* **The data**:
•••••

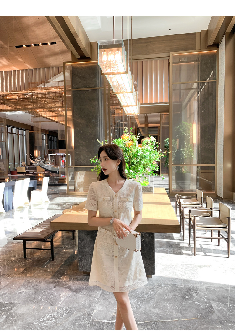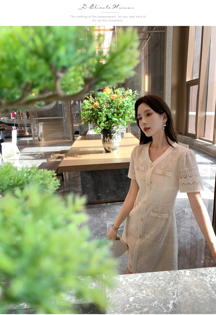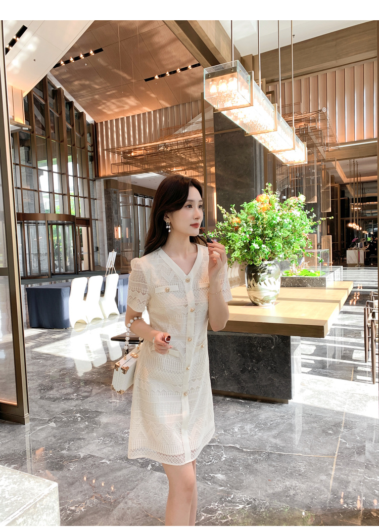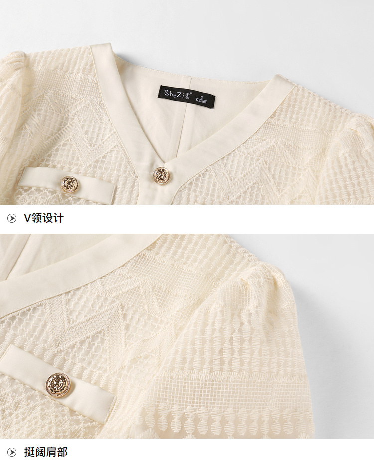 【清仓超15天不保价】奢姿2025年夏季新款大码女装气质V领裙子胖妹妹蕾丝绣花连衣裙9942826439【1】
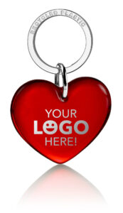 The heart-shaped keychain is an elegant promotional gift, ideal for expressing gratitude, care, or for commemorating events like Christmas or Valentine's Day. Available in light pink or transparent red, this keychain can be personalized with a logo, optionally in silver, for an even more refined effect.
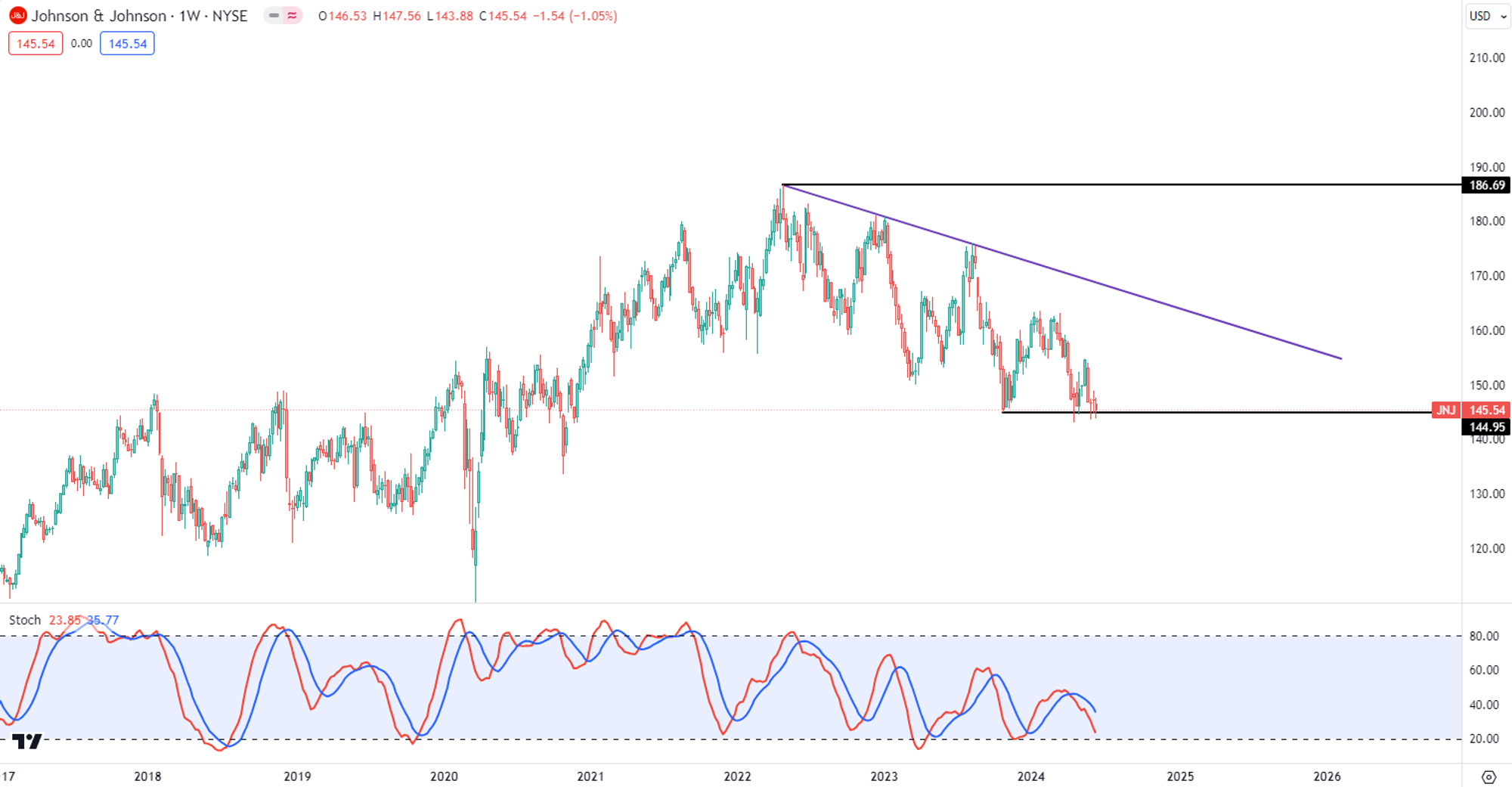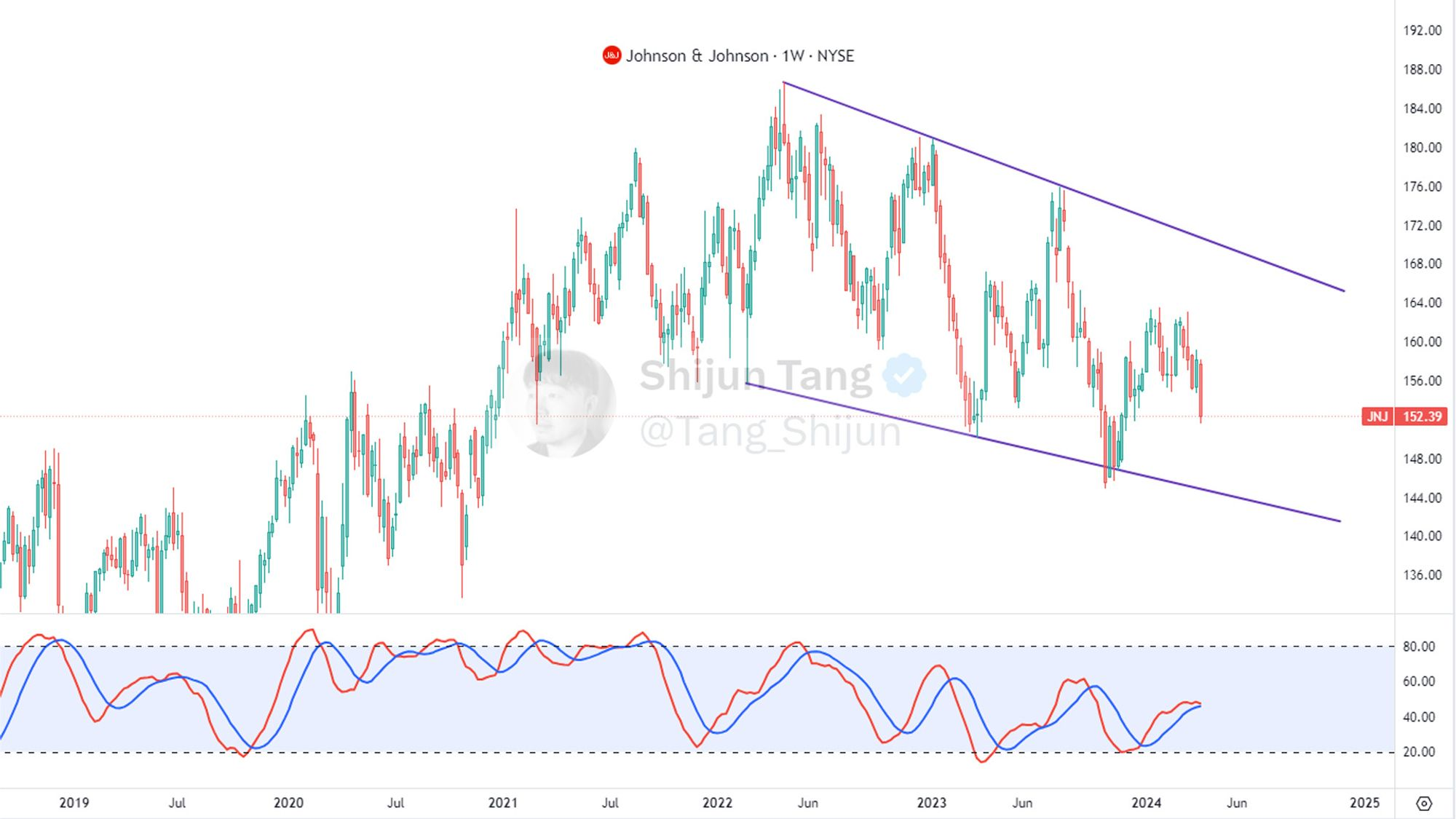 强生( $JNJ )自从站上186.69的历史新高之后,已经跌了23.33%

•••••

* **Problem details**:
Return the listing unchanged, but drop every picture.

* **Task output**:
 【清仓超15天不保价】奢姿2025年夏季新款大码女装气质V领裙子胖妹妹蕾丝绣花连衣裙9942826439【1】
 The heart-shaped keychain is an elegant promotional gift, ideal for expressing gratitude, care, or for commemorating events like Christmas or Valentine's Day. Available in light pink or transparent red, this keychain can be personalized with a logo, optionally in silver, for an even more refined effect.
 强生( $JNJ )自从站上186.69的历史新高之后,已经跌了23.33%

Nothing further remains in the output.